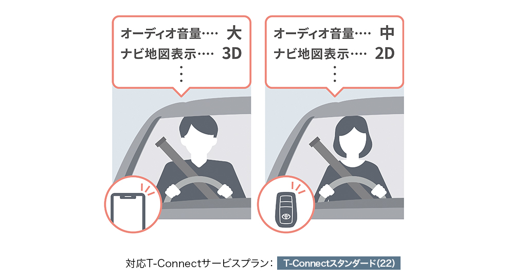 ご家族でクルマをシェアする時など、個々のよく使うオーディオやナビの地図表示など運転する方のお好みの車両設定を記録。乗車の際、事前に登録したスマートキーやスマートフォン*2で運転者を認識し、ドライバーそれぞれの最適な車内環境に自動で設定します。
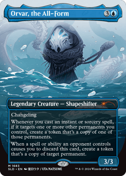 Changeling Whenever you cast an instant or sorcery spell, if it targets one or more other permanents you control, create a token that's a copy of one of those permanents. When a spell or ability an opponent controls causes you to discard this card, create a token that's a copy of target permanent.
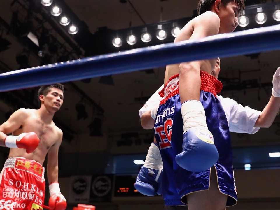 初回は、175pと江藤を1p上回る長身のタイ人が積極的にジャブ、ワンツーを突き懐の深さを見せたが、江藤は冷静に距離を測ると単発の好打から徐々にペースアップ。3回に入ると打ち合いのなかで左フック、右アッパーを効かせダウンを奪った。ここは立ち上がったワチャラポンだが、ダメージの色は濃く、左フックでこの回2度目のダウン。あとは一方的となり、レフェリーストップによる3回TKOで江藤が快勝。15年11月の世界戦敗退から4連勝を飾った。

▶ WHAT IS EXPECTED: Retype all of the listing above exactly, but keep its pictures out.

▶ RESULT:
 ご家族でクルマをシェアする時など、個々のよく使うオーディオやナビの地図表示など運転する方のお好みの車両設定を記録。乗車の際、事前に登録したスマートキーやスマートフォン*2で運転者を認識し、ドライバーそれぞれの最適な車内環境に自動で設定します。
 Changeling Whenever you cast an instant or sorcery spell, if it targets one or more other permanents you control, create a token that's a copy of one of those permanents. When a spell or ability an opponent controls causes you to discard this card, create a token that's a copy of target permanent.
 初回は、175pと江藤を1p上回る長身のタイ人が積極的にジャブ、ワンツーを突き懐の深さを見せたが、江藤は冷静に距離を測ると単発の好打から徐々にペースアップ。3回に入ると打ち合いのなかで左フック、右アッパーを効かせダウンを奪った。ここは立ち上がったワチャラポンだが、ダメージの色は濃く、左フックでこの回2度目のダウン。あとは一方的となり、レフェリーストップによる3回TKOで江藤が快勝。15年11月の世界戦敗退から4連勝を飾った。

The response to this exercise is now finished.